On 11/25/24 22:03, Charlie Gibbs wrote:
Many thanks to all of you who have replied to my questions.


YW.  :-)


It seems that I've been creating trouble for myself by trying
to kludge something together from the old installation.
The only reason I tried this was the age-old problem I
have whenever I start from a fresh install: I lose all my
customizations and added packages that went into /usr, /var,
/etc, etc.  :-)  It takes a while to put all this stuff back;
for a month or so after a fresh install I'm discovering (and
re-installing) missing things.  I was hoping I could avoid
this, but it seems that the time I'm spending on my jury-rigged
"solution" more than offsets any savings I might realize.

I bit the bullet and downloaded the Debian 12.8 installer to a
thumb drive.  To be safe, I unplugged the original hard drive
to keep it out of harm's way (and to avoid any possible confusion
for the installer).  Then I deleted all the partitions I was
experimenting with on the SSD, and did a fresh install.  WOW!
Was that ever fast!  A complete install in 5 minutes or less!
And booting is also lightning-fast.

But, as I expected, all my stuff is gone.  Well, sort of.
I plugged the hard drive back in, and all my files are
there.  But there are no icons left on the desktop - no
more Portal, and none of the utilities I downloaded were
on my $PATH.

How do the rest of you deal with all the user-added stuff
that vanishes when you do a fresh install?
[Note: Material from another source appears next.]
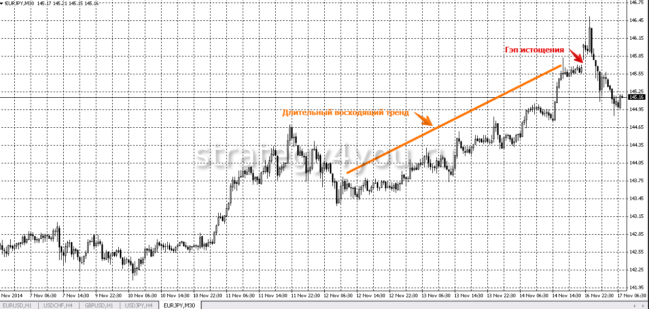 - Истощение. Скачок цен сигнализирует о том, что тренд завершается. Если разрыв появляется после длительного движения цены, торговый объем высокий, это может указывать на разворот тренда.

Similar to other readers, I use a version control system (CVS) to help me with system administration -- checking in system configuration files I modify or create, keeping a plain text log file of my notes and console sessions, keeping a plain text file containing the names of packages I have installed, checking in various shell and Perl scripts I have written over the years, checking in app configuration and data files, etc.. Then when I do a fresh install, I check out a CVS working directory for the previous incarnation of that machine, or something similar, and use those files to help me configure the new system.


AIUI the "top shelf" solution is configuration management systems, such as Puppet, Ansible, etc.. I expect they are necessities in large organization IT environments.


Are there some
tricks I can use, rather than painstakingly re-installing
all my utilities one by one?


I take images of my OS disks using dd(1) on a regular basis. So, if I finger fumble and scramble an OS instance, recovery consists of pulling the OS SSD, restoring the last image onto a spare SSD, booting, updating Debian, checking out the appropriate CVS working directories, and merging changes made since the image was taken.


I assume you can just copy
the old /home over to the new drive (although in my case
I'll be leaving the big music and video directories on the
spinning rust, to be accessed at a new mount point that I'll
add to /etc/fstab).  But that does nothing about all the
nifty utilities that were in (e.g.) /usr/bin (even though
the configuration files are probably in /home).


I treat the home tree as part of the OS instance. So, it is incorporated into my image backup/ restore process (above). My home directory contains CVS working directories and whatever files and/or directories Debian and the various apps put there.


It is up to us and/or the various app developers to figure out migration, disaster preparedness, disaster recovery, etc., for the various apps we use. I have configured Thunderbird to copy incoming mail to a spare directory on the IMAP server, I have configured Thunderbird to send a BCC of outgoing mail to a spare e-mail account, and I backup the Thunderbird profile directory daily. I use the Firefox "Sync" feature to deal with that app's configuration and data. I have put various app files into CVS projects.


For now, though, the box is sort of running.  And man, is it
a speed demon.  Once again, thanks for the assistance.